__Work to be completed__
Although the records contain pictures, only their text should be repeated, exactly as it stands.

__Record extracts__
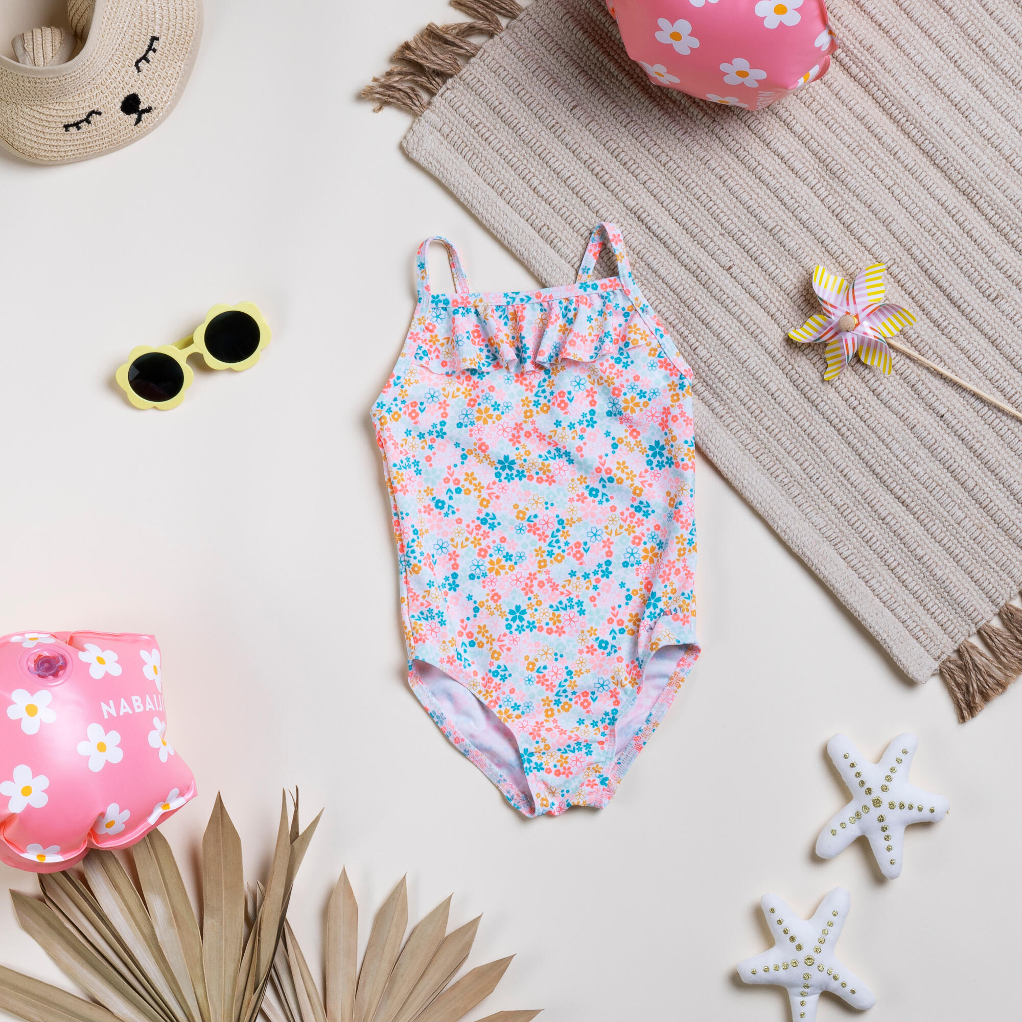 בגד ים שלם מקורי וצבעוני שמתאים לילדות קטנות לגילוי הנאות המים, בבריכה או בחוץ.
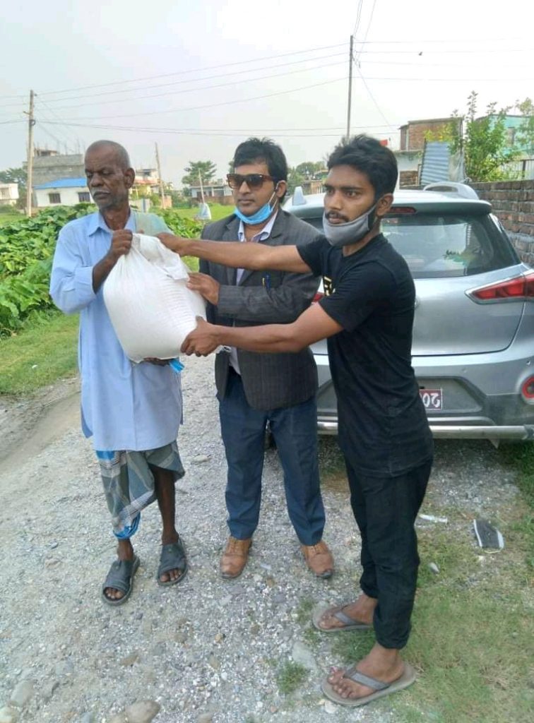 अभियान मा सामाग्री बितरण गर्न समाजिक अभियन्ता हरु सुरेश महतो बब्लु मेहता सामाज सेबि सिङ्गर बिरेन्द्र मेहता को समेत उपस्थित थियोे
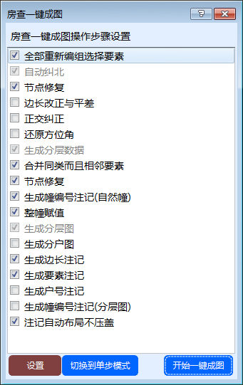 先选择宗地及宗地所属的所有房屋及地面构筑物,然后执行【房查一键成图】,并按下图勾选配置,然后点击【开始一键成图】开始处理;
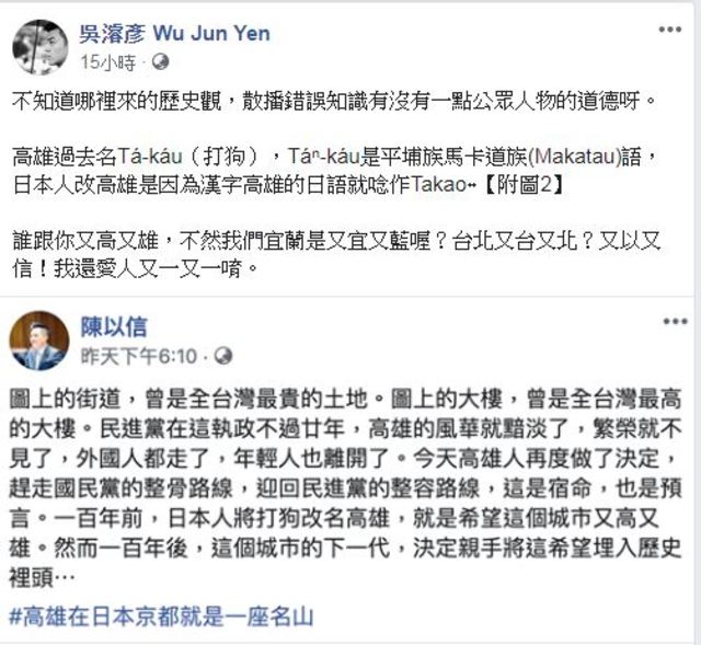 貼文一出引發熱烈討論,民進黨前青年部主任吳濬彥也分享陳以信的貼文截圖,痛批陳以信錯誤的歷史觀發文,簡直是「散播錯誤知識」,毫無身為公眾人物的道德,同時也寫下,高雄過去名Tá-káu(打狗),Táⁿ-káu是平埔族馬卡道族(Makatau)語,日本人改名為高雄,是因為漢字高雄的日語就唸作Takao。最後也不忘反酸陳以信「誰跟你又高又雄?」
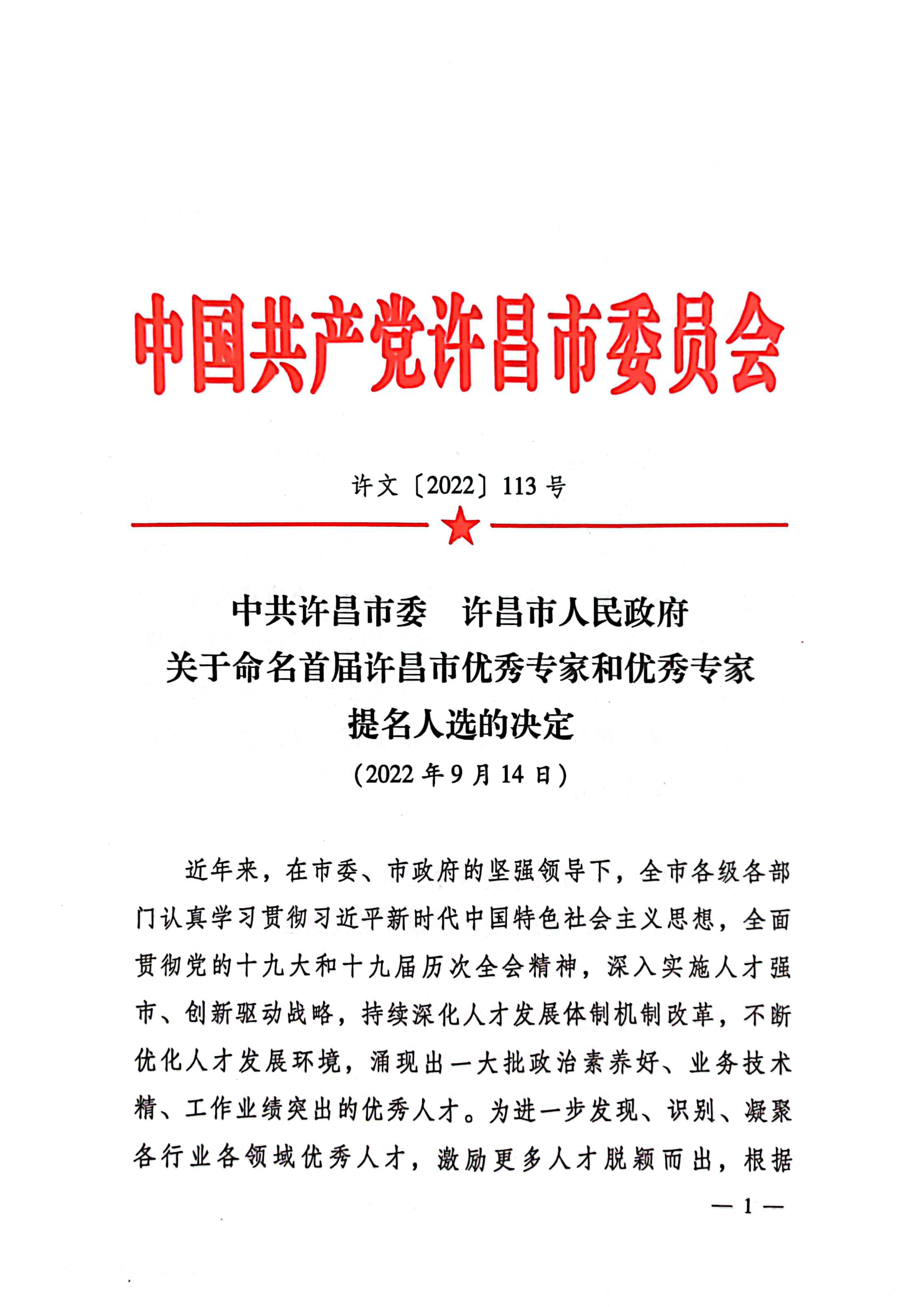 9 月 14 日,公司總經理劉剛在許昌市委人才工作會議上,被授予“首屆許昌市優秀專家”稱號。
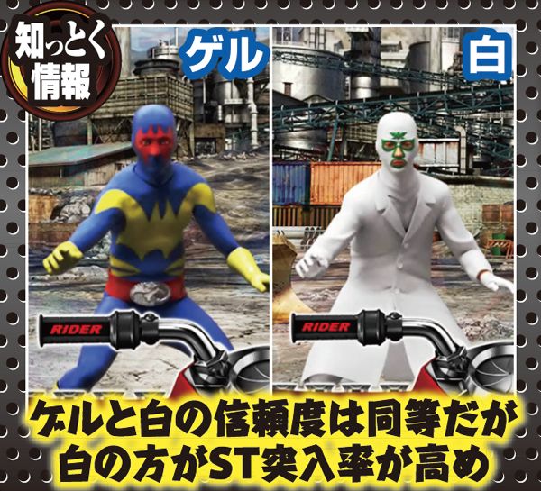 ゲルと白戦闘員が同時出撃で大当り濃厚に。また、白戦闘員は当たればST突入率アップという法則も。
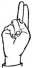 На ћирилици написано АНАСТАСИЈА КЛИНЦОВ састоји се из 17 слова [?]. Исписано ћириличном једноручном азбуком за глувонеме:
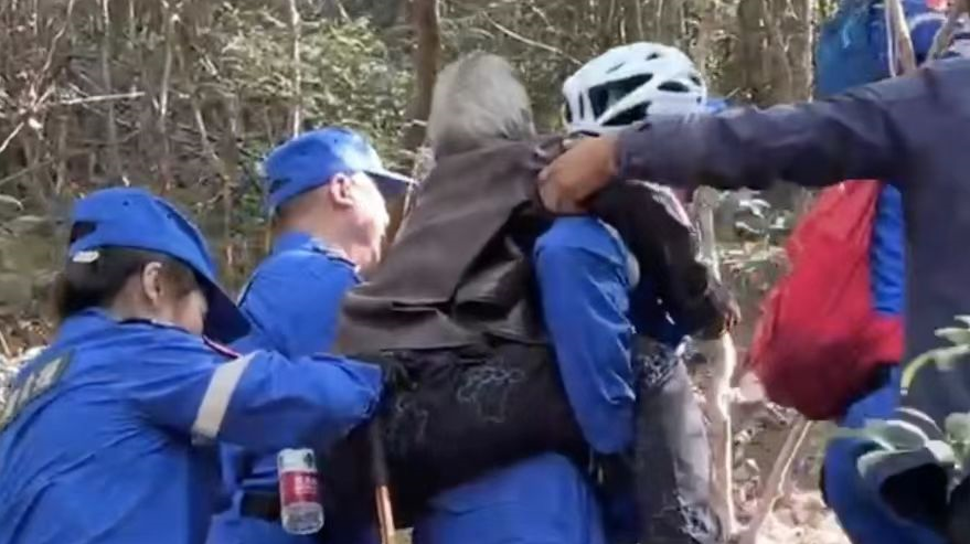 山上的队员背起老太艰难向下走
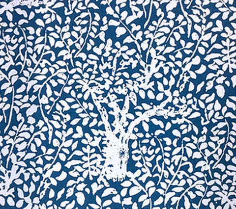 China Seas Fabric: Arbre de Matisse Reverse - Custom Dark Blue on White 100% Linen
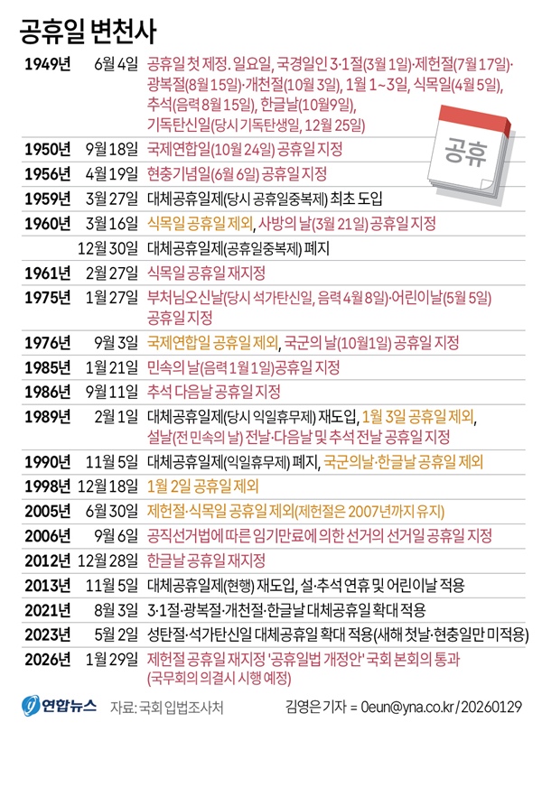 ÀÌ ¹ý¾ÈÀÌ ±¹¹«È¸ÀÇ ÀǰáÀ» °ÅÃÄ ½ÃÇàµÇ¸é 3¡¤1Àý(3¿ù 1ÀÏ), Á¦ÇåÀý(7¿ù 17ÀÏ),±¤º¹Àý(8¿ù 15ÀÏ), °³ÃµÀý(10¿ù 3ÀÏ), Çѱ۳¯(10¿ù 9ÀÏ) µî 5´ë ±¹°æÀÏ ¸ðµÎ ´Ù½Ã °øÈÞÀÏÀÌ µÈ´Ù.
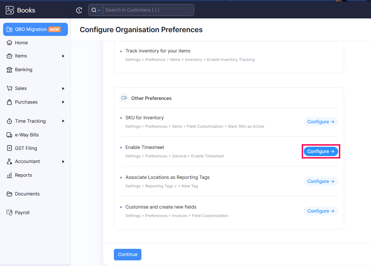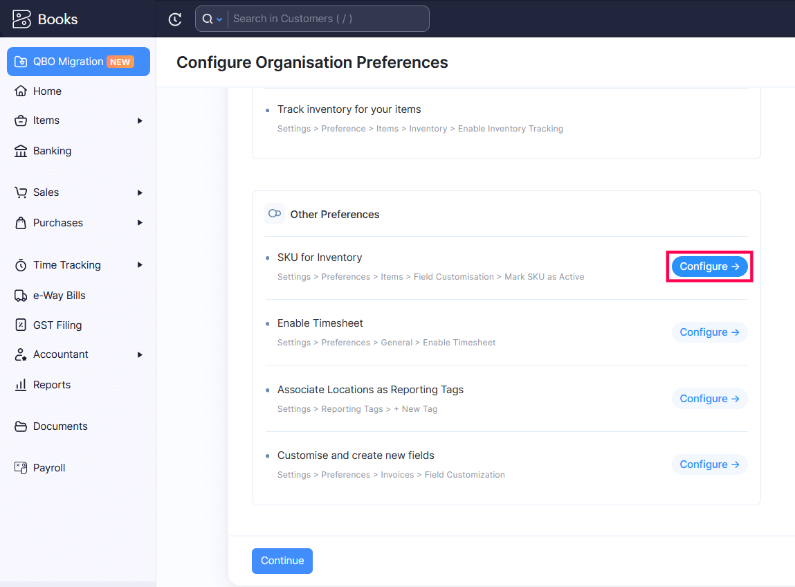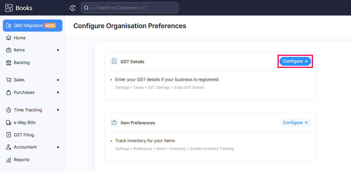 - In the Migrate your data to get started with Zoho Books section, click Configure Preferences next to Configure Organisation Preferences.
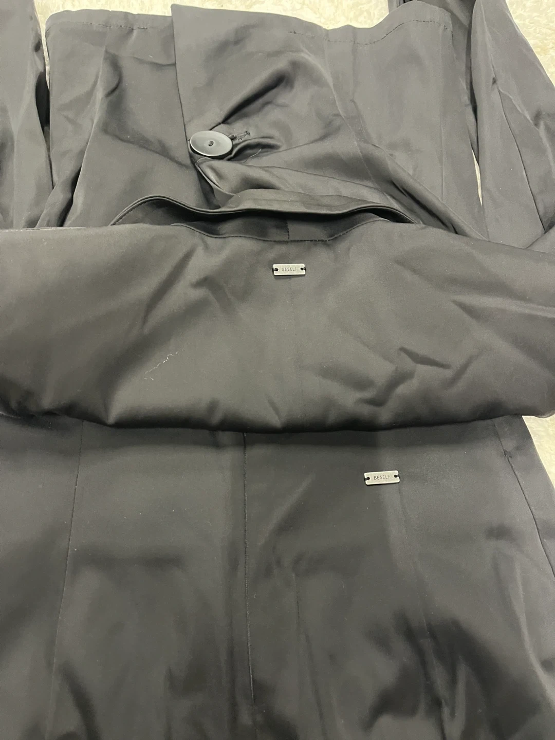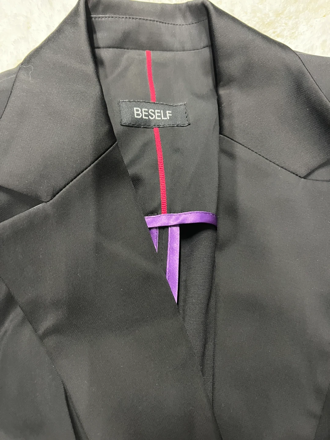 Selling a stylish black suit set from BESELF. The set is size 34 and made of 50% cotton, 47% polyester, and 3% elastane/elastan
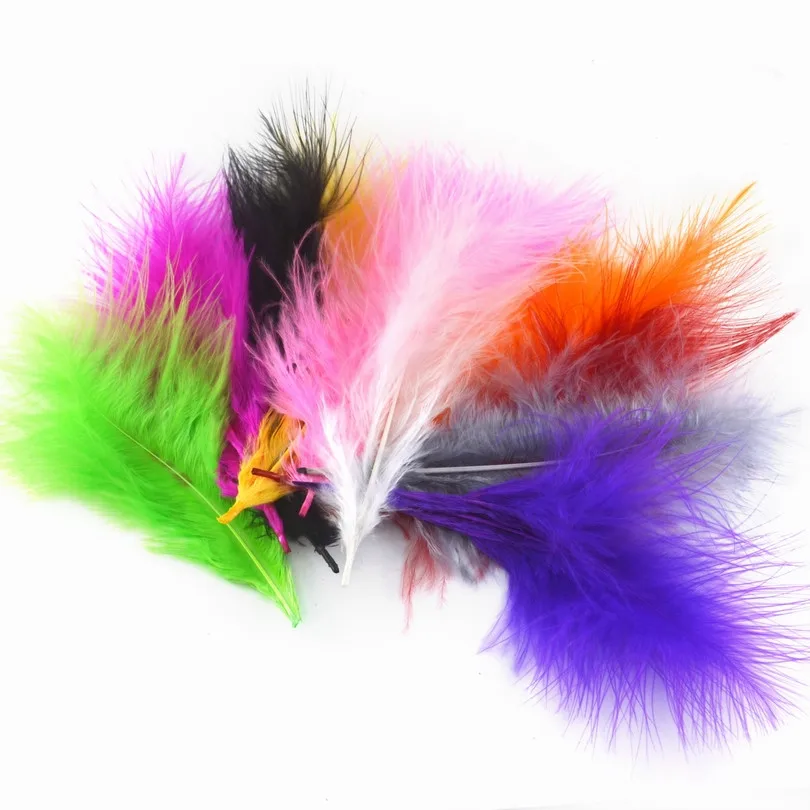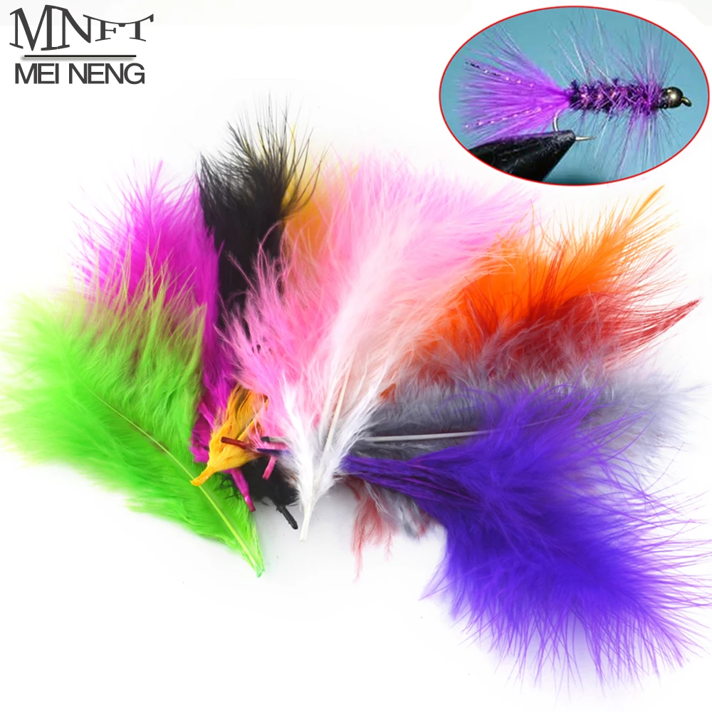 MNFT 50 Uds. Pluma de Bugger de marabú de pavo de varios colores para atado de moscas Material señuelo fabricación de cebo blanco púrpura rosa negro gris Etc.
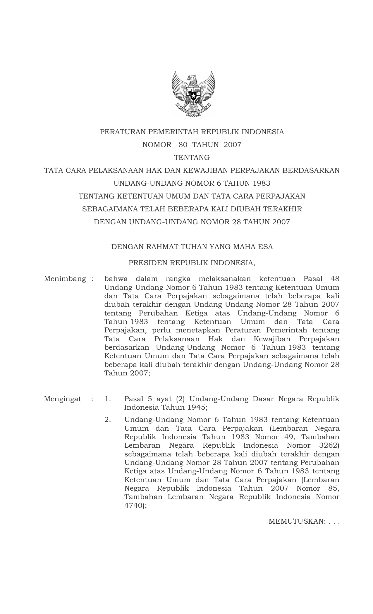 PP Nomor 80 Tahun 2007 | Peraturan Pemerintah Nomor 80 Tahun 2007 tentang TATA CARA PELAKSANAAN HAK DAN KEWAJIBAN PERPAJAKAN BERDASARKAN UU 6-1983 TENTANG KETENTUAN UMUM DAN TATA CARA PERPAJAKAN SEBAGAIMANA TELAH BEBERAPA KALI DIUBAH TERAKHIR DENGAN UU 28-2007
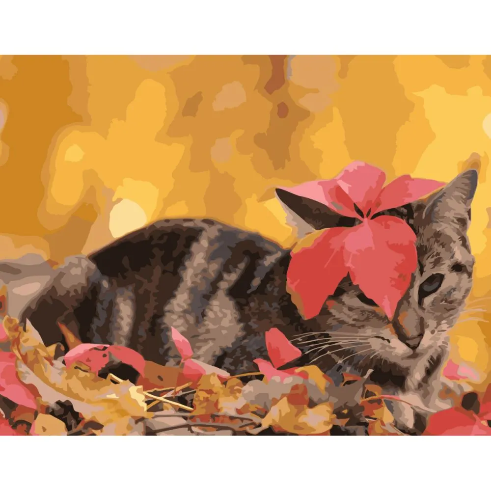 Картина за номерами Strateg Котик з листочком з лаком розміром 40х50 см (SY6728)
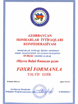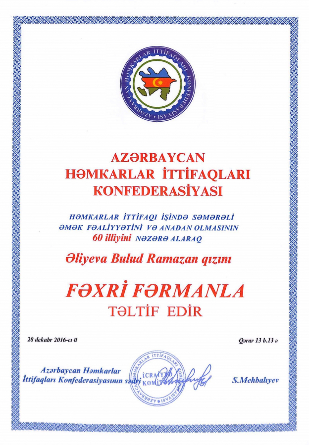 Azərbaycan Respublikası Prezidentinin İşlər İdarəsinin Siyasi sənədlər Arxivinin əməkdaşı Bulud Ramazan qızı Əliyeva Azərbaycan Həmkarlar İttifaqları Konfederasiyası tərəfindən 60 illik yubileyi münasibətilə və həmkarlar ittifaqı işində səmərəli əmək fəaliyyətinə görə Fəxri Fərmanla təltif olunub.

__Reply__
 בגד ים שלם מקורי וצבעוני שמתאים לילדות קטנות לגילוי הנאות המים, בבריכה או בחוץ.
 अभियान मा सामाग्री बितरण गर्न समाजिक अभियन्ता हरु सुरेश महतो बब्लु मेहता सामाज सेबि सिङ्गर बिरेन्द्र मेहता को समेत उपस्थित थियोे
 先选择宗地及宗地所属的所有房屋及地面构筑物,然后执行【房查一键成图】,并按下图勾选配置,然后点击【开始一键成图】开始处理;
 貼文一出引發熱烈討論,民進黨前青年部主任吳濬彥也分享陳以信的貼文截圖,痛批陳以信錯誤的歷史觀發文,簡直是「散播錯誤知識」,毫無身為公眾人物的道德,同時也寫下,高雄過去名Tá-káu(打狗),Táⁿ-káu是平埔族馬卡道族(Makatau)語,日本人改名為高雄,是因為漢字高雄的日語就唸作Takao。最後也不忘反酸陳以信「誰跟你又高又雄?」
 9 月 14 日,公司總經理劉剛在許昌市委人才工作會議上,被授予“首屆許昌市優秀專家”稱號。
 ゲルと白戦闘員が同時出撃で大当り濃厚に。また、白戦闘員は当たればST突入率アップという法則も。
 На ћирилици написано АНАСТАСИЈА КЛИНЦОВ састоји се из 17 слова [?]. Исписано ћириличном једноручном азбуком за глувонеме:
 山上的队员背起老太艰难向下走
 China Seas Fabric: Arbre de Matisse Reverse - Custom Dark Blue on White 100% Linen
 ÀÌ ¹ý¾ÈÀÌ ±¹¹«È¸ÀÇ ÀǰáÀ» °ÅÃÄ ½ÃÇàµÇ¸é 3¡¤1Àý(3¿ù 1ÀÏ), Á¦ÇåÀý(7¿ù 17ÀÏ),±¤º¹Àý(8¿ù 15ÀÏ), °³ÃµÀý(10¿ù 3ÀÏ), Çѱ۳¯(10¿ù 9ÀÏ) µî 5´ë ±¹°æÀÏ ¸ðµÎ ´Ù½Ã °øÈÞÀÏÀÌ µÈ´Ù.
 - In the Migrate your data to get started with Zoho Books section, click Configure Preferences next to Configure Organisation Preferences.
 Selling a stylish black suit set from BESELF. The set is size 34 and made of 50% cotton, 47% polyester, and 3% elastane/elastan
 MNFT 50 Uds. Pluma de Bugger de marabú de pavo de varios colores para atado de moscas Material señuelo fabricación de cebo blanco púrpura rosa negro gris Etc.
 PP Nomor 80 Tahun 2007 | Peraturan Pemerintah Nomor 80 Tahun 2007 tentang TATA CARA PELAKSANAAN HAK DAN KEWAJIBAN PERPAJAKAN BERDASARKAN UU 6-1983 TENTANG KETENTUAN UMUM DAN TATA CARA PERPAJAKAN SEBAGAIMANA TELAH BEBERAPA KALI DIUBAH TERAKHIR DENGAN UU 28-2007
 Картина за номерами Strateg Котик з листочком з лаком розміром 40х50 см (SY6728)
 Azərbaycan Respublikası Prezidentinin İşlər İdarəsinin Siyasi sənədlər Arxivinin əməkdaşı Bulud Ramazan qızı Əliyeva Azərbaycan Həmkarlar İttifaqları Konfederasiyası tərəfindən 60 illik yubileyi münasibətilə və həmkarlar ittifaqı işində səmərəli əmək fəaliyyətinə görə Fəxri Fərmanla təltif olunub.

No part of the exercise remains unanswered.